We Hybrids
Der Mensch wird nicht nur geformt und transformiert von seiner Umwelt, seinen Erfahrungen und Begegnungen, sondern er vermengt sich mit den Substanzen, den Viren und der Technik, mit denen er in Kontakt tritt. Der Mensch ist ein hybrides Wesen, in steter Verwandlung: Dies wussten schon die Menschen in der Antike, als sie sich die Sphinx mit Menschenkopf auf Löwenkörper oder den Faun mit Menschenoberkörper auf Ziegenbeinen vorstellten.

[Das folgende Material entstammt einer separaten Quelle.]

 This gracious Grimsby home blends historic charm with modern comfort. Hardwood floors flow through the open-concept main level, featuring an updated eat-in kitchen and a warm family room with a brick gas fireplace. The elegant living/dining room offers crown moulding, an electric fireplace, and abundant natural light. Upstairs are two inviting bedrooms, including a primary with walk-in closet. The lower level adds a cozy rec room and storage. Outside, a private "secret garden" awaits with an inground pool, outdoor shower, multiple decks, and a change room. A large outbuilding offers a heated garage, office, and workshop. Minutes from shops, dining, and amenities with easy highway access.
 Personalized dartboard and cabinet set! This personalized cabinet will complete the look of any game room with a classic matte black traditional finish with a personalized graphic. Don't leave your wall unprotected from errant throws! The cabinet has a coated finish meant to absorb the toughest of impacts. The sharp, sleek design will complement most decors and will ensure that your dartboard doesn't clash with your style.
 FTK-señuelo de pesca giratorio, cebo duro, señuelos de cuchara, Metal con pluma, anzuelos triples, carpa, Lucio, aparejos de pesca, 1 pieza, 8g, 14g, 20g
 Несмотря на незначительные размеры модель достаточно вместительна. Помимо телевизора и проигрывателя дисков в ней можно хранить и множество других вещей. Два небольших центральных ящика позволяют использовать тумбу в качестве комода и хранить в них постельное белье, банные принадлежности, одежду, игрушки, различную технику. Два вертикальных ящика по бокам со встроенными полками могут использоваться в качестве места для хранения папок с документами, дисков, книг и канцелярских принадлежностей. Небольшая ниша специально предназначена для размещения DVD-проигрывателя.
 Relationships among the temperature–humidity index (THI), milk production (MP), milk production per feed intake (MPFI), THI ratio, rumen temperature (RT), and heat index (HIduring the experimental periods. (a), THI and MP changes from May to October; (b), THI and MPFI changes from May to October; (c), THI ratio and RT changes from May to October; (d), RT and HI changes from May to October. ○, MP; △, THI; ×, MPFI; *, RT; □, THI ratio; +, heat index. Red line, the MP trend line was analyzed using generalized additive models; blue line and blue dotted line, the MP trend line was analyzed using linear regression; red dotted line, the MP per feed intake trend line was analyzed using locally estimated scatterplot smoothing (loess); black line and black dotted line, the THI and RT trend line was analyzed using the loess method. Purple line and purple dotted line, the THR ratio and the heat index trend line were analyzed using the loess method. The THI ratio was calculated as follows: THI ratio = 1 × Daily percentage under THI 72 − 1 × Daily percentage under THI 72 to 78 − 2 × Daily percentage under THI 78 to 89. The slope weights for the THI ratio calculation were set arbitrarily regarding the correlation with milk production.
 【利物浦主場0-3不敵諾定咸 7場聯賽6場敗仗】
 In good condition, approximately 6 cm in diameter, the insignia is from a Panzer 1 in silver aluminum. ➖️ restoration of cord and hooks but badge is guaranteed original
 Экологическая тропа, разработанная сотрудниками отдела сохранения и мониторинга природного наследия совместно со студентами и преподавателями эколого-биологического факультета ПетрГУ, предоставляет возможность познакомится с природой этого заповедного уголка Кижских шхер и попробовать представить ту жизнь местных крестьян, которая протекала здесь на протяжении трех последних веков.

Die heutigen Mischwesen haben die Collageform der Antike überwunden, sind gentechnisch oder computermanipulierte Spezies, mit implantierten Mikrochips oder vollgepumpt mit synthetischen hormon- und psychoaktiven Stoffen. Von aussen sieht man ihnen kaum etwas an. Menschen wie du und ich. Wenn sich beispielsweise Gabriele Garavaglia an der Vernissage unter die Gäste mischt, wirkt er ganz unauffällig. Doch plötzlich fällt unser Blick auf seinen von dicken Venen überzogenen leicht gelblich wirkenden Arm mit merkwürdig aufgeplatzten, unförmigen, rosa Löchern, ‹Inner Resistance›. Ein grauenhafter Anblick. Die herunterhängenden Latexhäute, ‹Vertèbres›, von Vanessa Billy scheinen organische Zeugen eines verblichenen Mischwesens und ihre grossen, tropfenähnlichen, extrem fragilen Glasobjekte, ‹Prises de Conscience›, liegen losgelöst vom Körper auf dem Boden herum. Die präzis positionierten und höchst ästhetischen Objekte von Florian Germann wirken wie Maschinen mit nicht nachvollziehbarer Funktion, deren Materialien – subtil eingefärbtes Harz, Metall und Beton – eine mysteriöse Energie und Aura ausstrahlen. Der Werkkomplex ‹TAFAA› (Toward a Fully Automated Appearance) von Chloé Delarue besteht aus hybriden Assemblagen aus organischen und anorganischen Materialien und setzt sich mit dem Einfluss der Technologie auf den menschlichen Körper und Geist auseinander. Pamela Rosenkranz wird selber zum hybriden Wesen, wenn sie ihre Malereien unter dem Powerschub von Viagra produziert. Vor den an die Wand gelehnten rosa monochromen Bildern inszeniert sie auch gleich das Plastik und die benutzten Malutensilien als Teil dieses chemisch potenzierten malerischen Kraftakts. Als besonders aktuelle Cyberposition erweist sich die Rauminstallation ‹Holobiont Society› von Dominique Koch: Sie stellt das symbiotische Gefüge zwischen Wirt, Mikroben, Bakterien und Viren dar, mit all seinem inneren Konfliktpotenzial, und konfrontiert uns mit der aktuellen Lage.